Two human rights groups said they will not be sending observers to oversee next month’s presidential elections in Russia’s troubled province of Chechnya because of security concerns.

War has destroyed the vastly wealthy province of Chechnya

The Organisation for Security and Cooperation in Europe (OSCE) and the Strasbourg-based pan-European Council of Europe said their observers will stay away from the October 5 election.

“They decided not to send observers because it is not safe, it is one of the reasons,” a diplomatic source, who declined to be named said Friday referring to the OSCE’s decision.
  
The 55-nation OSCE withdrew staff from war-ravaged Chechnya in December and the Kremlin has since refused to allow them to return with anything more than a limited humanitarian mandate.

Scorn

President Vladimir Putin’s advisor for Chechnya, Sergei Yastrzhembsky, said in July that the OSCE has sided with separatists in the Russian republic.

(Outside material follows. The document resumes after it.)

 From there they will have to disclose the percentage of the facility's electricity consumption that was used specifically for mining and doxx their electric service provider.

“It considered that, given the difficult security situation in particular, it was not possible to send an observer delegation”

Council of Europe

A Russian legislator on Friday scorned OSCE’s decision.

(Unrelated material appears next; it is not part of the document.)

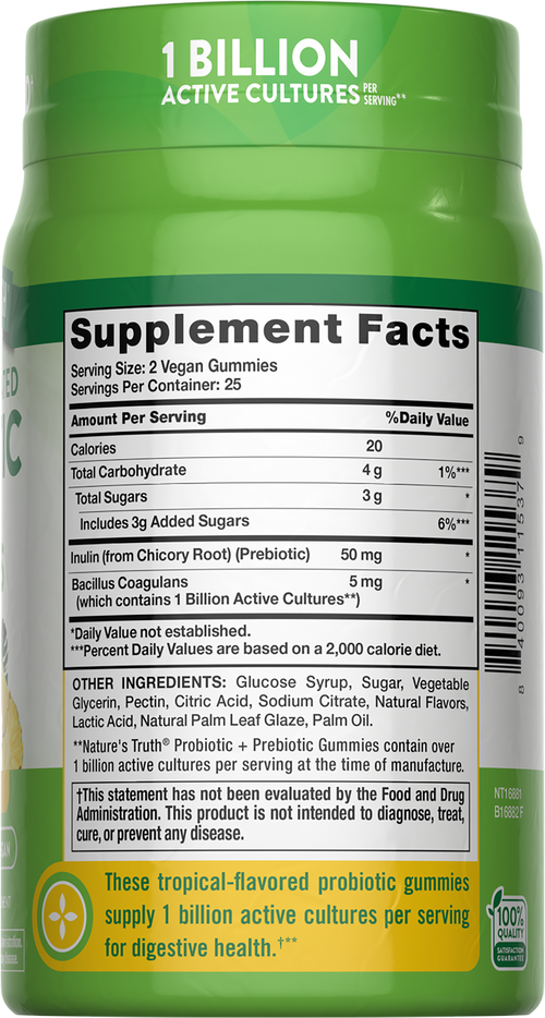 **Le Gomme Probiotiche + Prebiotiche di Nature’s Truth contengono oltre 1 miliardo di colture attive per porzione al momento della produzione.

“The OSCE just demonstrated its infamous inertia yet again,” the State Duma lower house of parliament’s Deputy Foreign Affairs Committee Chairman Leonid Slutsky told Moscow Echo radio.

“I do not think this will affect the presidential election one bit. It will still remain legitimate,” he said. 

Council of Europe
  
The pan-European human rights watchdog the Council of Europe said it was opposed to sending observers to Chechnya.

“It considered that, given the difficult security situation in particular, it was not possible to send an observer delegation,” the Council’s Parliamentary Assembly said in a written statement from Strasbourg.
  
Critics claim that legitimate elections in Chechnya are anathema, as the province was shattered by the years of war, fighting continues and the Russian government has ruled out many potential contenders.
  
Chechnya’s pro-Kremlin leader Akhmad Kadryov is the favourite to win the election.

Observers

The OSCE has sent election observers to a number of countries, including those in the former Soviet Union such as Belarus in 2001.

In fact, OSCE observers verified the last Chechen presidential election — which saw rebel leader Aslan Maskhadov take the helm in January 1997 after the republic won de facto independence from Russia following a two-year war — as legitimate.

Chechnya is a vastly wealthy province with huge gas, oil and other mineral reserves.